The only other issue to keep in mind is that HQ is that relationships make up a big chunk of augments in HQ, and depending on your knack for coming up with personal drama and conflicts, you might want to put a little more effort into prepping for all the groups for and against each other.
My personal method is to write two characters' names on a sheet who are in conflict, and draw a line between the two. The key to growing the conflict web is to always add some character who is allied or against one of the others and add them as you go. Before you know it, you have a nasty web of drama and sub-conflict that works well for improvising any detail in play of the who did what to who and why.
Reply #3 on:
January 10, 2005, 01:25:18 PM »
I've been running HeroQuest successfully with very little or no preparation.
My tactic is to focus on one of the player characters each session for the main story/conflict. The others either get involved in that plotline or do their own things tangential to it.
My players are happy to take a hand in setting things up, too. I often get them to suggest things to happen, people they meet, and so forth. This helps immensely and is a useful way for them to emphasize the kind of things they want to do in the game.
Acts of Evil Playtesters
Re: spontaneous HQ
Reply #4 on:
January 11, 2005, 03:16:39 PM »
Quote from: Der_Renegat
- i dislike that you cant really play roleplaying games without preparation
there's a game...
As Chris is implying, and Mike is showing by example, the key to making HQ really, really easy to prep for, is in getting away from "adventures." Just . don't . do . them.
That is, don't come up with a "plot." Instead, come up with some NPCs and give them some motives that involve the characters. This can be hella-sketchy, like.
* Ragnar is a barbarian who wants to fight the PC to show that he's the best.
* Aynalla is a girl who has her eye on both Ragnar and the PC.
* Septode is a shaman who has forseen needing the PC in a quest that he's going to go on. Today.
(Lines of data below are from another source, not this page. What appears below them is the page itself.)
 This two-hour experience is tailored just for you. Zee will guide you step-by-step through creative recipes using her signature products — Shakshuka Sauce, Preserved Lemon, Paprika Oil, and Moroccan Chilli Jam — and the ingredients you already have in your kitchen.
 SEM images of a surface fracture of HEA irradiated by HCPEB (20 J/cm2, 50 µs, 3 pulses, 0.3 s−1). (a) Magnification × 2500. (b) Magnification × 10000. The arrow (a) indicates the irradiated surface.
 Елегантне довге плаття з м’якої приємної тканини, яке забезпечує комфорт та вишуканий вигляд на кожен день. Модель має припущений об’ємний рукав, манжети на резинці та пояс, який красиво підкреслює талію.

Right about when Ragnar shows up.
Then stop prepping (abilities? make em up as you need them), and just play introducing the NPCs to the heroes, and having them interact. Involve NPCs from the heroes character sheet - everybody has them. If it says, "Loyal to Family" have the character's little brother show up ready to fight Ragnar in his brother's stead. If it says, "Blacksheep of Village" then somebody from the village shows up and heckles the hero. If it says, "Ambitious in Temple" then a Priest happens by to ask for the heroes help and wonders why he's messing around with the Shaman.
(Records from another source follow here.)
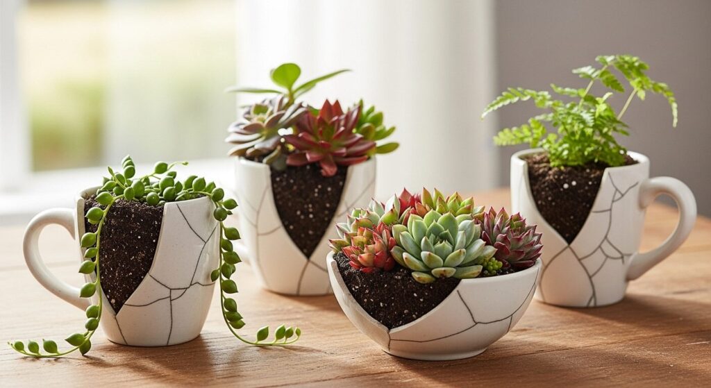 I once filled a broken teacup with succulent cuttings, and it quickly became my favorite desk plant. It reminded me daily that beauty can come from imperfection.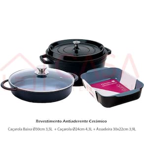1 Caçarola Baixa Hercules 30cm 3,5 Litros Preta;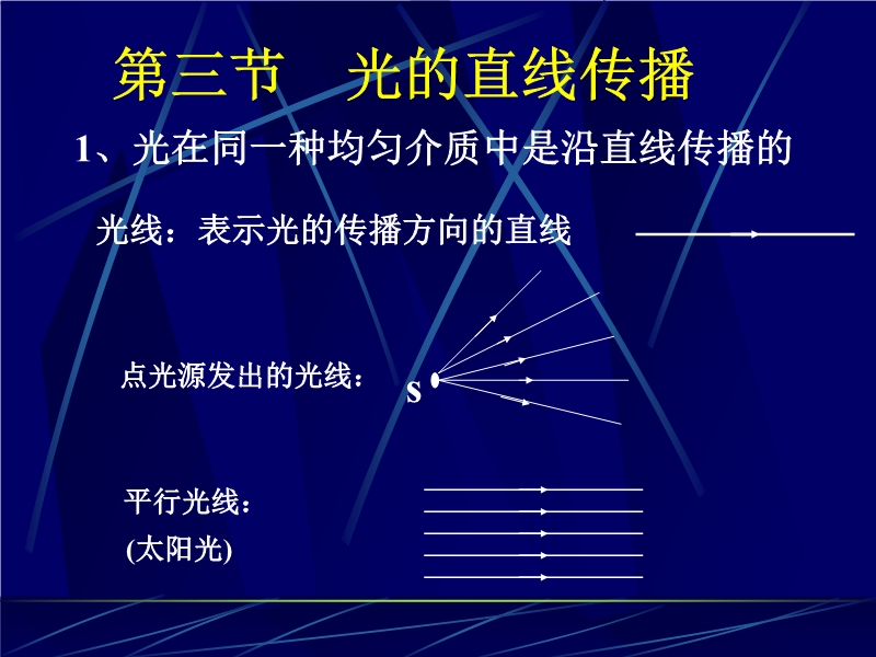 课件特点:注意发挥多媒体特点,根据内容特点,精心设计,集合图,文,像的多种表现功能 ,提交课堂效率,增大课堂容量,课件用PPT制作,便于修改.根据苏教版第3章第3节<<光的直线传播>>制作,为<<光的直线传播>>全节内容,课件运用多种图片和动画以及文字来说明光的直线传播和光的速度,以及一些精选的练习.

Look at any two abilities, including keywords, on the PCs sheet. Imagine two NPCs that would want things that would put these things at odds. Have said NPCs appear. Warrior, and Devotee of Destor? Then one guy wants the character to say he'll commit to manning the wall, and another wants him to go off on an adventure.
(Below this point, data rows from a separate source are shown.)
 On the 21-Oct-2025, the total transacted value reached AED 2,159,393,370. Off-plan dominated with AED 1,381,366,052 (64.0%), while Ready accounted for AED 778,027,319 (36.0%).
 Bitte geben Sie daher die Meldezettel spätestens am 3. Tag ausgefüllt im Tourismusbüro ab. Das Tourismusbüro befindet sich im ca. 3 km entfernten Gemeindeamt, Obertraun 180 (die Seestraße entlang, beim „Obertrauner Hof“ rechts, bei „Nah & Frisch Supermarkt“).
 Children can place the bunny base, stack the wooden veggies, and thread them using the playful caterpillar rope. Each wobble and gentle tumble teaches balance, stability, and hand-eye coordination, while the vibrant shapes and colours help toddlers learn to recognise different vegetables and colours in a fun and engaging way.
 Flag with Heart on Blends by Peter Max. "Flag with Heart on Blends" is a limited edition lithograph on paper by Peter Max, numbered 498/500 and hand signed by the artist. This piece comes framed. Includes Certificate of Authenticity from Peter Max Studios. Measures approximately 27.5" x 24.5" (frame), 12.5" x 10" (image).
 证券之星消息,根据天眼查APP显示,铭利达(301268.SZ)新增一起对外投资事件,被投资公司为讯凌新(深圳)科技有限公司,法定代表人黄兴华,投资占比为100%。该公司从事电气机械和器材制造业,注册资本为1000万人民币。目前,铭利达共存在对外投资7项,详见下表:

Oops, did I say adventure? Yes, adventure happens here. All sorts of it. It's just not preplanned adventures. And they're all the better for it.
I do believe that, having practiced this a bit, I can now approach any HQ game with no prep at all and be successful. I still do a little, thinking about new NPCs, and new motives, etc, before play, but it takes so little time now, that there's almost no point to it. And I'm not really especially good at this stuff - I've just done it a few times. That is, anyone can pick this method up in short order.
And it's so easy that you'll never give it up. I won't anyhow. Going from two hours of prep to ten minutes max? And play is better? Why would you change?
-Get your indie game fix online.
Reply #5 on:
January 14, 2005, 09:27:56 AM »
When I was running Heroquest last I certainly did put in preperation time, and generated quite a bit of documentation, but it was all character writeups, plot notes and handouts and only sketchy game stats, which are very easy to generate as needed. In other words, i could focus my time and energy on the interesting stuff. You can do that in other games too, but HQ certainly does make it very easy to work this way.